Cardiac hemodynamic parameters were significantly decreased after the I/R protocol (Table 1, Figures 3(a)–3(c)). Recovery of heart mechanical function was decreased approximately by 40% in I/R hearts compared to aerobically perfused organs (approximately 93% recovery) (Figure 3(c)). To check if MMP-2 siRNA was not toxic to the hearts, we perfused hearts in aerobic conditions with the administration of MMP-2 siRNA—the hemodynamic parameters were not significantly different from the aerobic control (Table 1, Figures 3(a)–3(c)).
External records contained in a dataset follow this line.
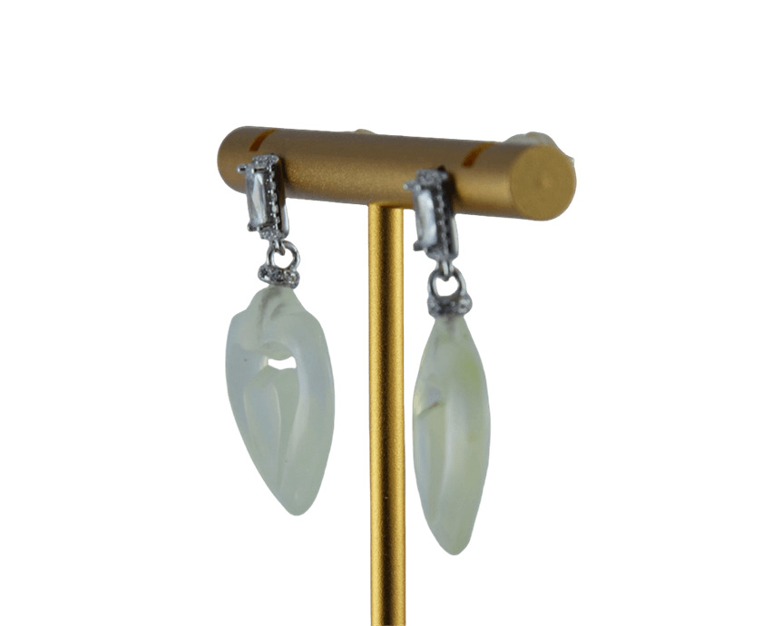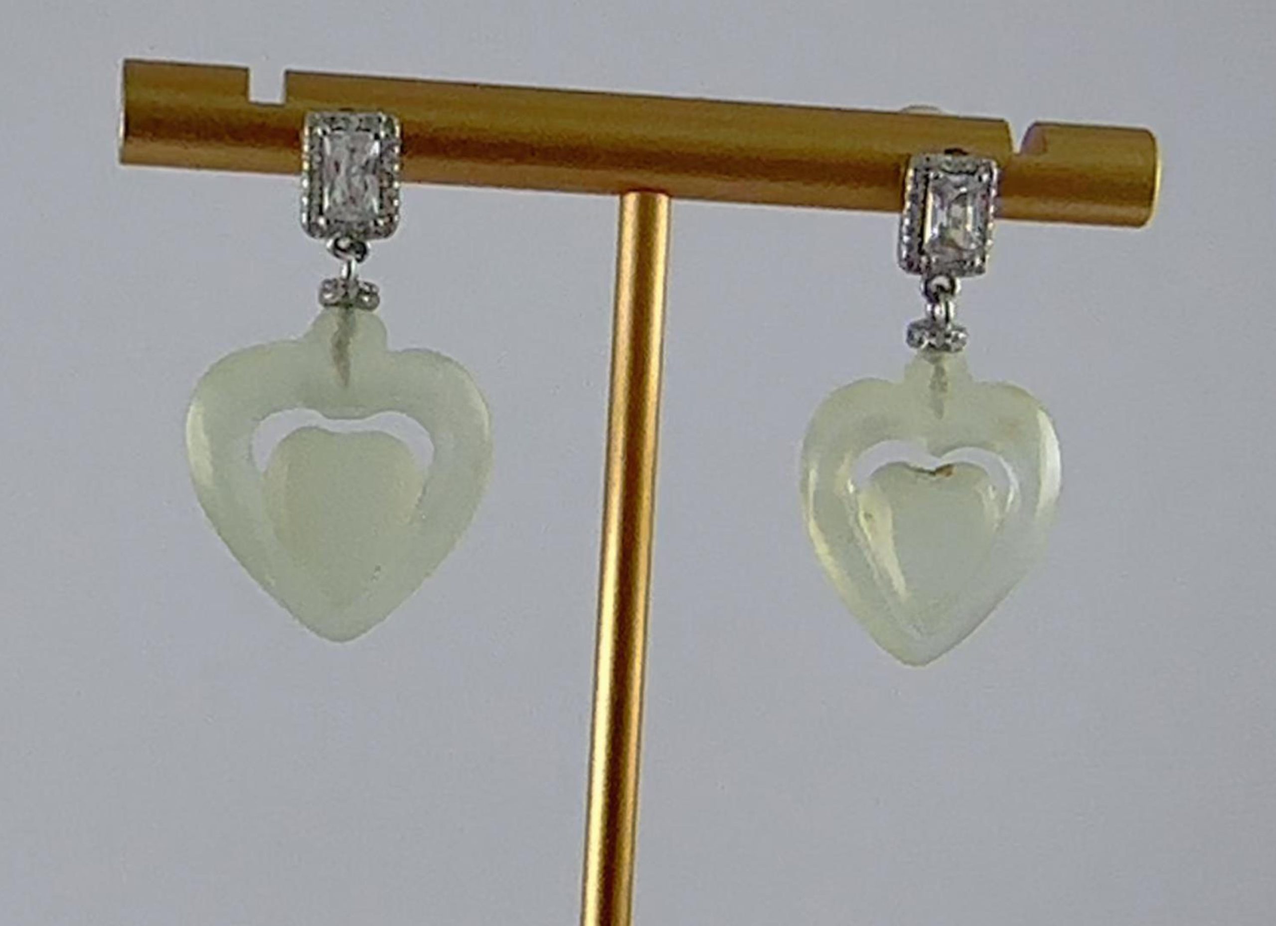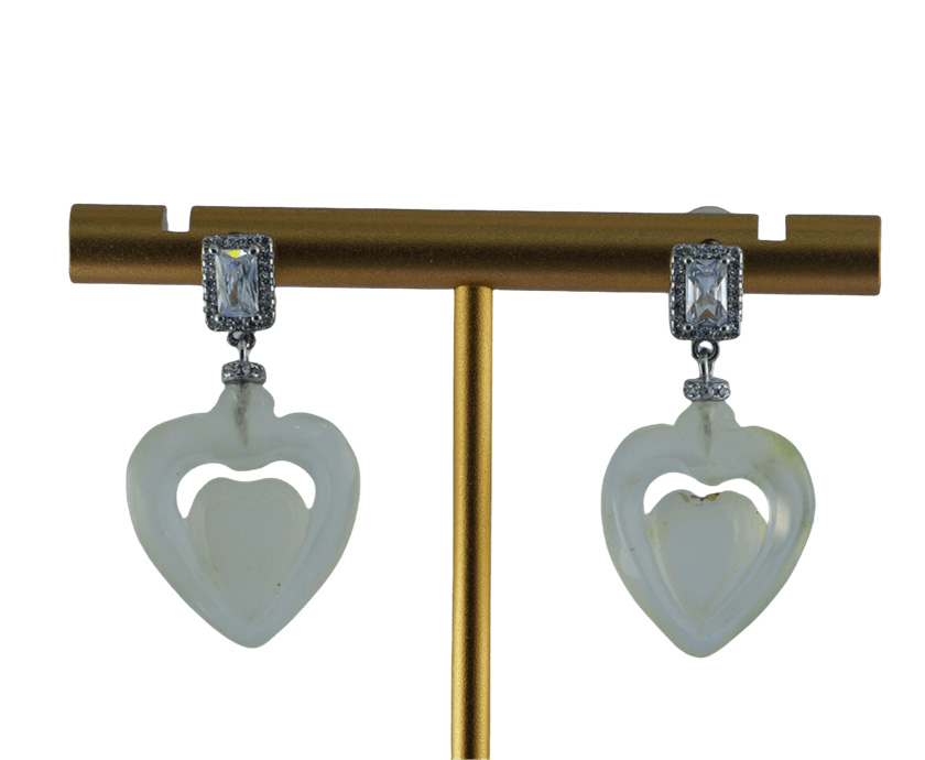 耳钉是一颗璀璨夺目的长方形切割主水钻锆石,在它的四周,以精工密镶一圈细密小水钻锆石。大小水钻交相辉映,主次分明,在方寸之间构筑出既有建筑结构感又不失璀璨华丽的视觉焦点。水钻下是一枚天然玉石手工雕刻而成的桃心。玉石温润的质感,是任何人工材料都无法复制的生机。匠人依据玉料的原生形态与色泽,磨砺出饱满、线条流畅得仿佛下一秒就要滑落。
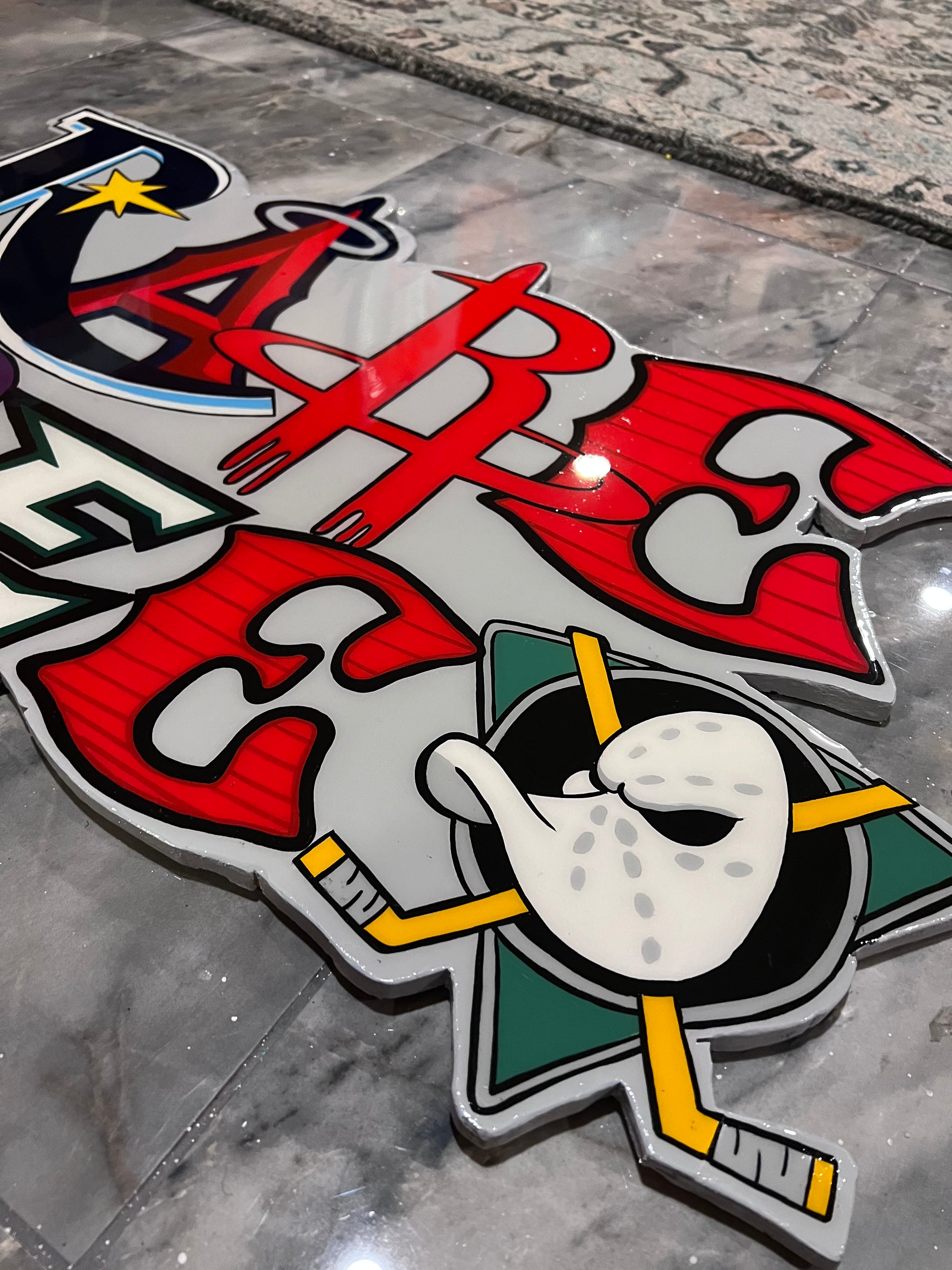 acrylic on wood , with resin finish
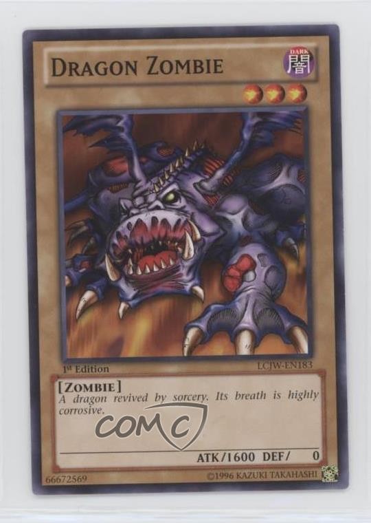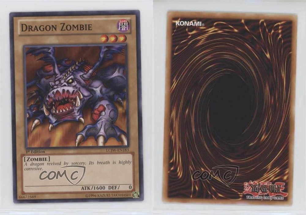 2013 Yu-Gi-Oh! Legendary Collection 4: Joey's World - Mega-Pack [Base] - 1st Edition #LCJW-EN183 Dragon Zombie COMC Item: 144072399 - YuGiOh Card - Featuring Dragon Zombie Search for more: 2013 Yu-Gi-Oh! Legendary Collection 4: Joey's World Search for more: 2013 Yu-Gi-Oh! Legendary Collection 4: Joey's World - Mega-Pack [Base] - 1st Edition View all of our Listings Auctions Buy It Now About Us Located in the beautiful Pacific Northwest, COMC (Check Out My Cards) is the world's largest consignment service for trading card singles. More than 10,000 people have used our consignment service to list over 50 million trading cards. Find out how we can help you consign your items on eBay by contacting us through eBay messaging. COMC -- "The Safe & Easy Way to Buy & Sell" Raw Condition for Modern Cards Unless otherwise noted, raw modern cards are listed in Near Mint-Mint condition or better. A NM-MT card appears to be Mint at first glance, but upon closer inspection, may exhibit some of the following: minor print defects (e.g. roller marks, print line, dimple), minor scratches, slight edge wear, and slight corner wear. Centering is clearly visible in the images provided and does not factor into our condition assessment. Raw Condition for Vintage Cards Unless otherwise noted, raw vintage cards are listed in Excellent condition or better. An EX card may exhibit some of the following: minor rounding of corners, surface wear, print defects, light scratches, and slight edge wear/chipping. Centering is clearly visible in the images provided and does not factor into our condition assessment. Domestic Shipping Combined shipping for multiple items is available. To receive combined shipping, please ensure all desired items are in your eBay shopping cart before proceeding to checkout. eBay limits orders to 40 items per order. We automatically combine multiple orders placed on the same day. If you place multiple orders on the same day, please contact us to request a refund of applicable shipping costs. Signature confirmation may be required on invoices over $400. All cards are protected and shipped securely. International Shipping COMC offers eBay's International Shipping (EIS) for international orders under $2,500* (see country exceptions below). All duties and import fees are paid at checkout; in the rare event that there are additional import fees upon delivery, these are borne by the buyer. EIS packages route through a shipping hub in Erlanger, KY before shipping to their final destination. Please note that EIS does not allow for combined shipments. The shipping rates are determined by eBay and cannot be adjusted. *Maximum sale price exceptions: Colombia, Kuwait ($2,000); Taiwan ($1,539); Chile, Costa Rica, Guatemala, Honduras, Trinidad and Tobago ($1,000); Antigua and Barbuda, Aruba, Belize, Dominica, Grenada, Philippines, Saint Kitts and Nevis, Saint Lucia, Montserrat, Turks and Caicos Islands ($500); Dominican Republic, El Salvador ($200). Please request a shipping quote through eBay messaging for orders that exceed the maximum sale price supported by eBay's International Shipping. You will be responsible for all duties and import fees for international orders shipped outside the EIS. All cards are protected and shipped securely. Payment COMC does not accept offers on our cards through our eBay storefront. COMC utilizes eBay’s managed payments system. If you are experiencing difficulties making a payment, please contact eBay for assistance. Return Policy Returns are only accepted on the rare occasion the item is not as described. If you are making a return, please initiate the return process through eBay so a mailing label can be provided for you. Prior to listing, our expert team carefully assessed this item to represent it accurately. Please review the description and high-definition images prior to purchasing to ensure this item meets your satisfaction. We welcome you to contact us if you have further questions about this item. Trust and Integrity COMC carefully assesses each item consigned to us to prevent fraudulent items from entering the marketplace. If you believe an item offered on COMC may be fraudulent, please contact us with details so we can investigate the issue. Items we determine are outside our supported items policy may be removed. Last Modified: 7/7/2025 6:39:12 PM PDT
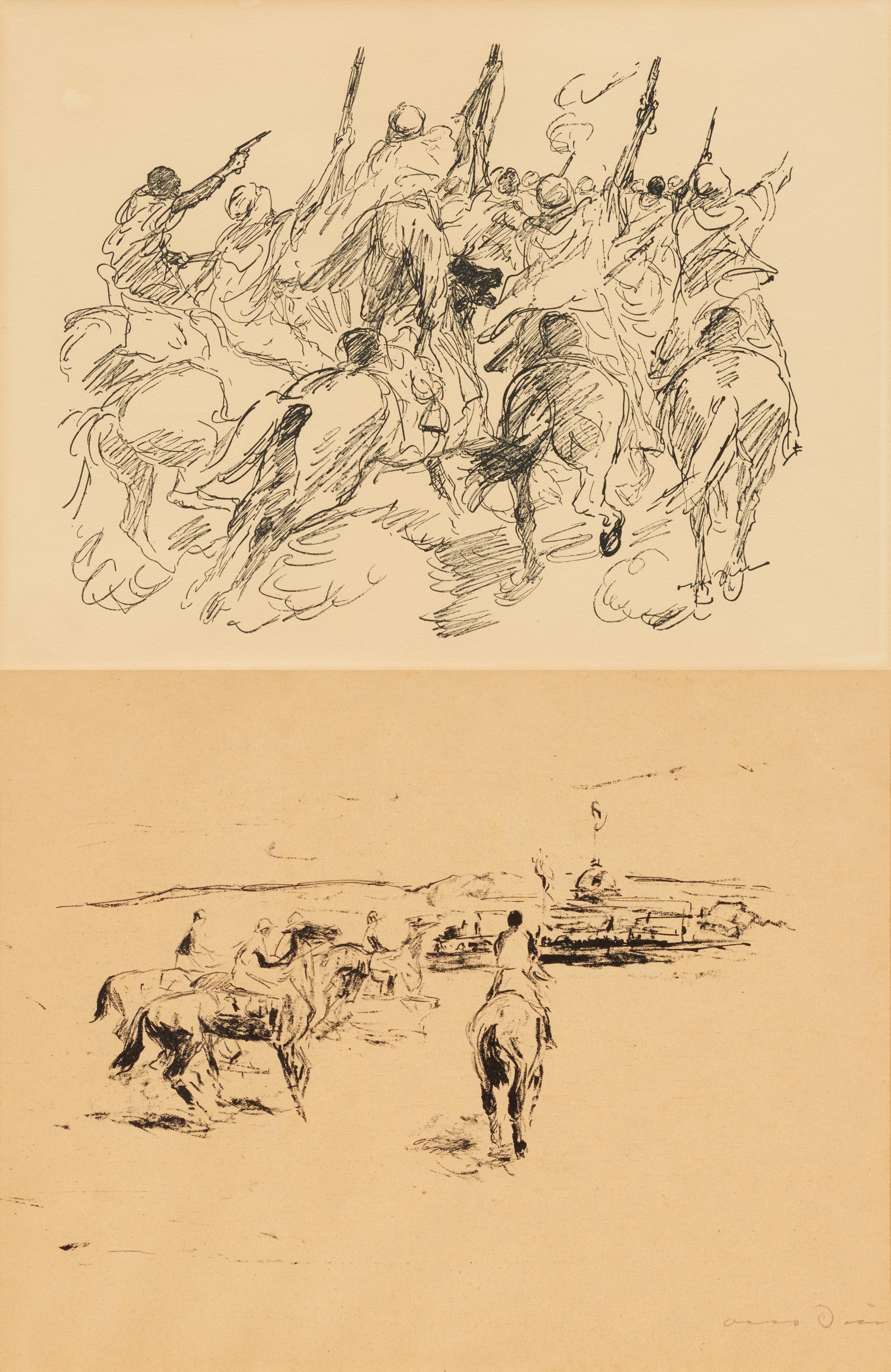 ZWEI LITHOGRAFIEN MIT REITERDARSTELLUNGEN
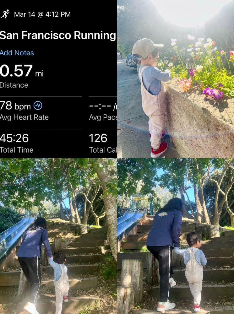 照片2: 昨天圆周率日,宝宝外公和外婆我带着宝宝散步庆祝:-)。
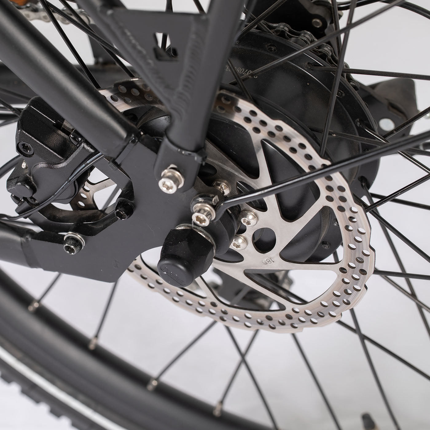 De Aitour Cargo Bike - Starter heeft hydraulische schijfremmen met een veiligheidsparkeerfunctie waarmee u uw bakfiets snel, voorzichtig en veilig kunt stoppen wanneer deze volledig is beladen door lichte druk op de remhendel.
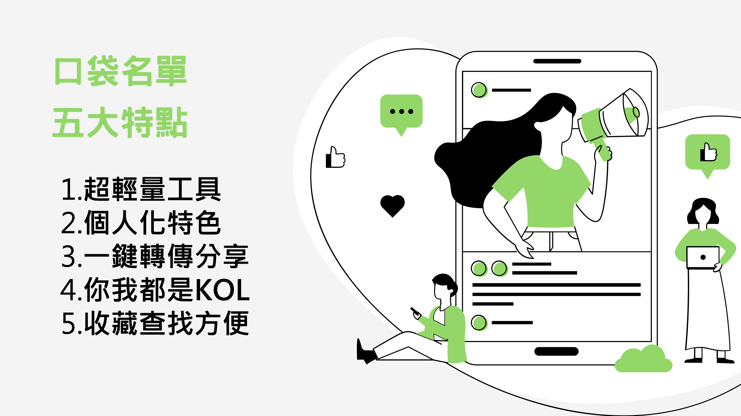 - 你我都是KOL(意見領袖):有超多私藏景點、愛店都沒人懂?口袋名單就是你征服親朋好友的秘技;就算只是傳給身邊的人,你、我都能搖身一變成為美食美景意見領頭羊,化身意見領袖不是夢。
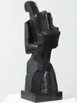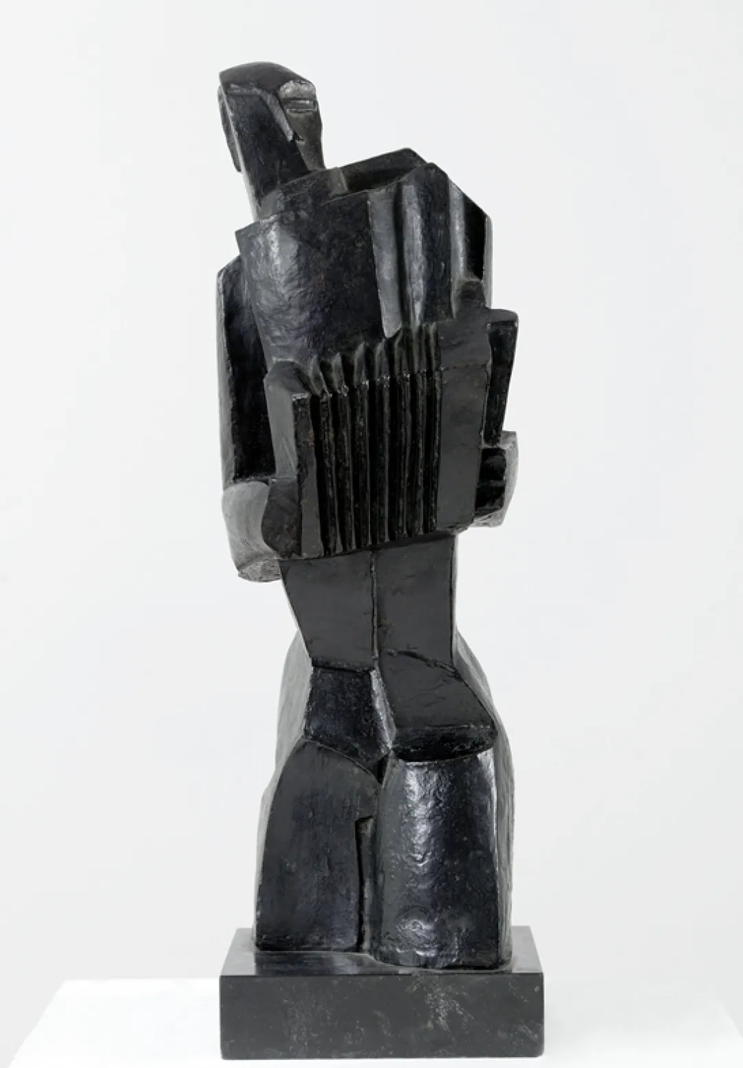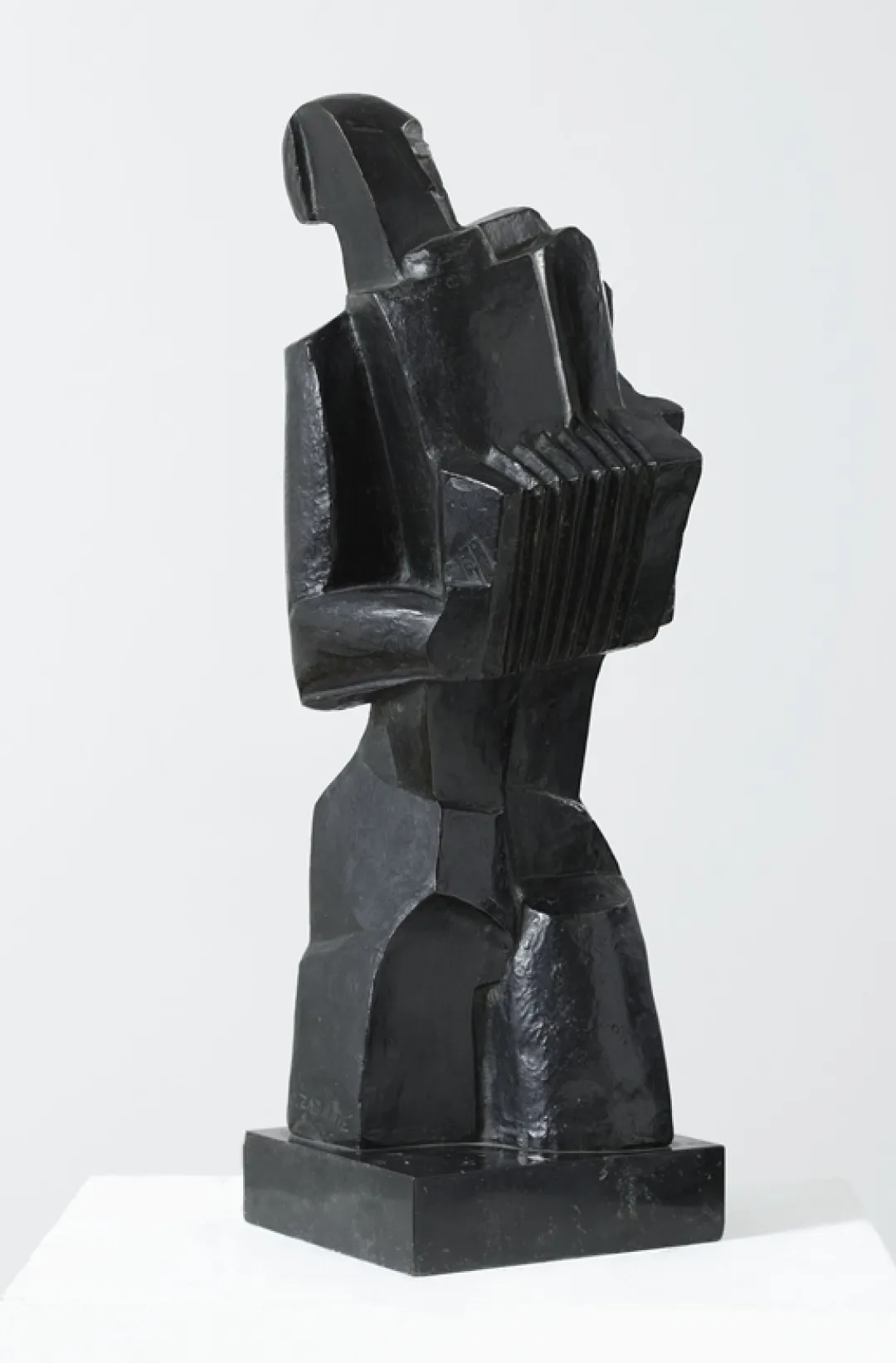 This work displays a clearly Cubist orientation. Zadkine recognised the influence which the paintings of Picasso and Braque had on him. In this context, the accordion is more than a simple accessory; it is an artistic element at the service of an aesthetic: with its interplay of lines, it structures the composition. The sharp edges of the different planes accentuate the geometrical effect. Convex forms appear for the first time in this sculpture, which would become one of the formal characteristics of the alternation between concave and convex forms which he perpetuated in his work. This Accordion PLayer is one of Zadkine's very first works to have been cast in bronze.

Perfusion of hearts subjected to I/R with MMP-2 siRNA resulted in increased recovery of the heart mechanical function (p < 0.001), as well as heart rate (HR) (p < 0.01), left ventricular developed pressure (LVDP) (p = 0.01), and coronary flow (CF) (p < 0.01) (Table 1, Figure 3). Moreover, we revealed that recovery of the heart mechanical function as well as heart rate negatively correlated with MMP-2 (p < 0.001, r = −0.84 and p < 0.01, r = −0.66, respectively) and MMP-9 activity (p < 0.01, r = −0.66 and p < 0.01, r = −0.67), confirming the role of MMP-2 and MMP-9 in heart function disturbances (Figures 3(d) and 3(e)).

Table 1.

An influence of MMP-2 siRNA on heart rate, LVDP, coronary flow, and recovery of heart functions of isolated rat hearts.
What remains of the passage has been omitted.